Task to carry out → Return the whole listing unchanged. Drop the images.
Data segment Start Marker
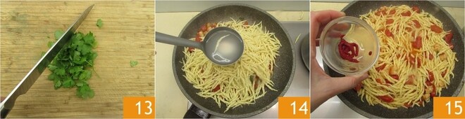 Pica también el perejil 13 y cuando las trofie estén cocidas, escúrrelas reservando un poco del agua de cocción. Transfiérelas a la sartén con los tomates y las gambas, añade un cucharón de agua de cocción 14 y saltea brevemente. Añade el concentrado de tomate 15 y vuelve a saltear.
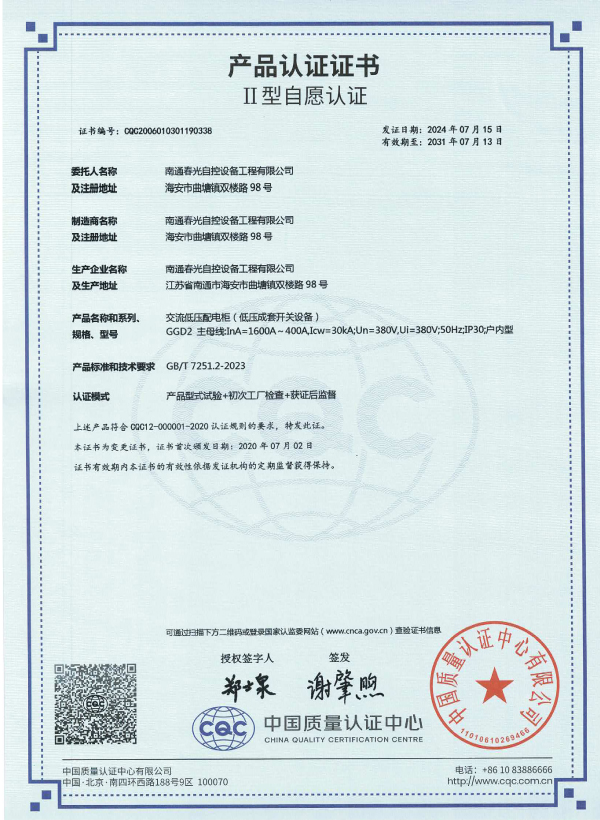 交流低壓配電柜認證證書
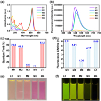 | Fig. 3. Absorption spectra (a) and emission spectra (b) of metallacycles M1–M4 (5 µmol/L) and ligand L1 (15 µmol/L) in dichloromethane. Comparison of quantum yields (c) and fluorescence lifetimes (d) of metallacycles M1–M4 (5 µmol/L) and ligand L1 (15 µmol/L) in dichloromethane. Photographs of L1 (15 µmol/L) and metallacycles M1–M4 (5 µmol/L) in natural light (e) and 365 nm (f) in dichloromethane. | |
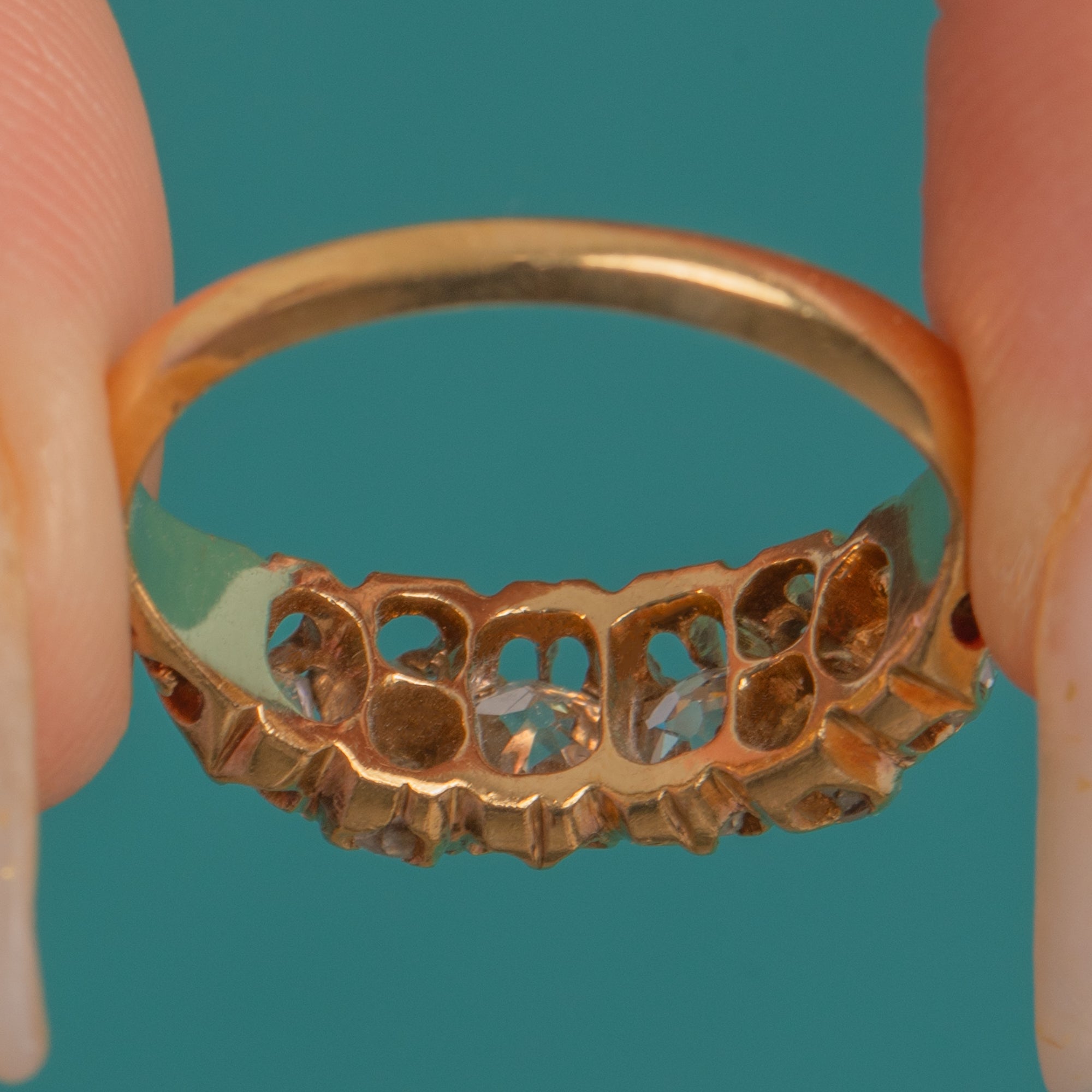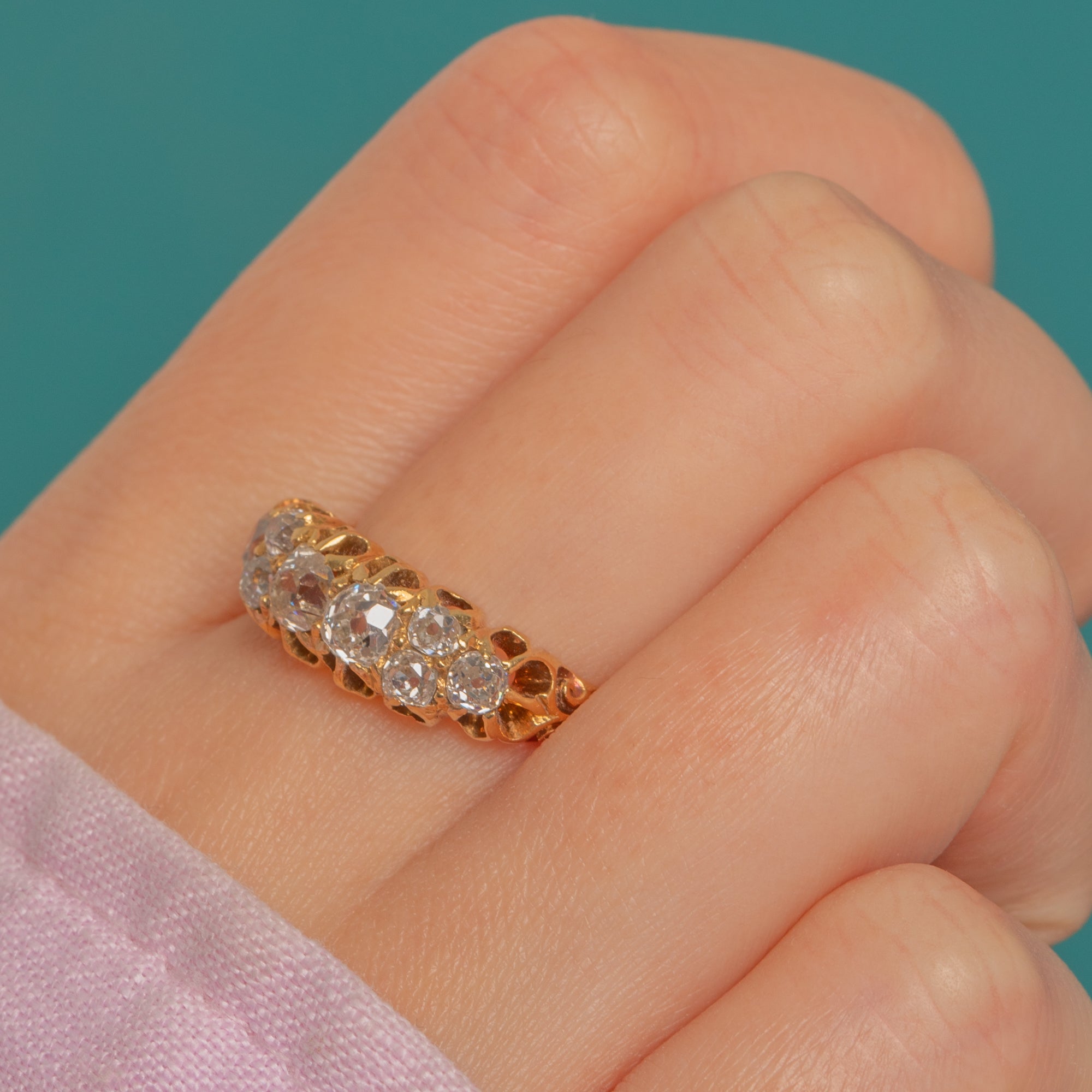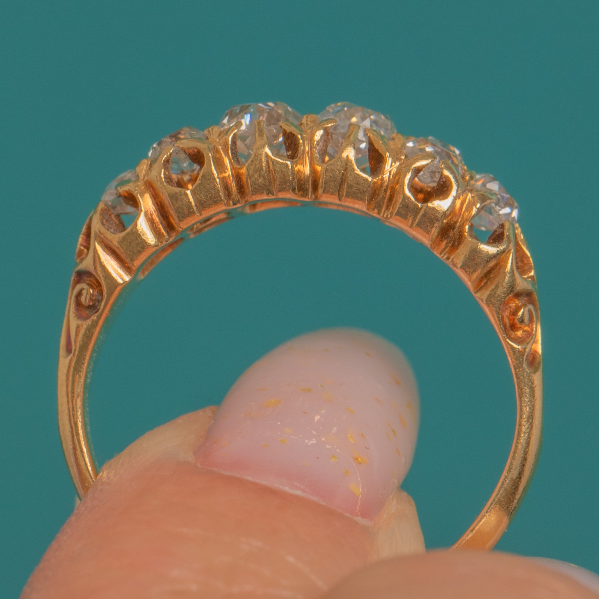 A romantic late Victorian carved half-hoop, this exquisite ring showcases eight chunky old-cut Diamonds set low across the finger in glowing 18ct Gold. A pierced trellis gallery and scroll-carved shoulders lend beautiful movement and texture to the design, all hand-finished for that sought-after antique character.
Data segment End Marker
Answer →
 Pica también el perejil 13 y cuando las trofie estén cocidas, escúrrelas reservando un poco del agua de cocción. Transfiérelas a la sartén con los tomates y las gambas, añade un cucharón de agua de cocción 14 y saltea brevemente. Añade el concentrado de tomate 15 y vuelve a saltear.
 交流低壓配電柜認證證書
 | Fig. 3. Absorption spectra (a) and emission spectra (b) of metallacycles M1–M4 (5 µmol/L) and ligand L1 (15 µmol/L) in dichloromethane. Comparison of quantum yields (c) and fluorescence lifetimes (d) of metallacycles M1–M4 (5 µmol/L) and ligand L1 (15 µmol/L) in dichloromethane. Photographs of L1 (15 µmol/L) and metallacycles M1–M4 (5 µmol/L) in natural light (e) and 365 nm (f) in dichloromethane. | |
 A romantic late Victorian carved half-hoop, this exquisite ring showcases eight chunky old-cut Diamonds set low across the finger in glowing 18ct Gold. A pierced trellis gallery and scroll-carved shoulders lend beautiful movement and texture to the design, all hand-finished for that sought-after antique character.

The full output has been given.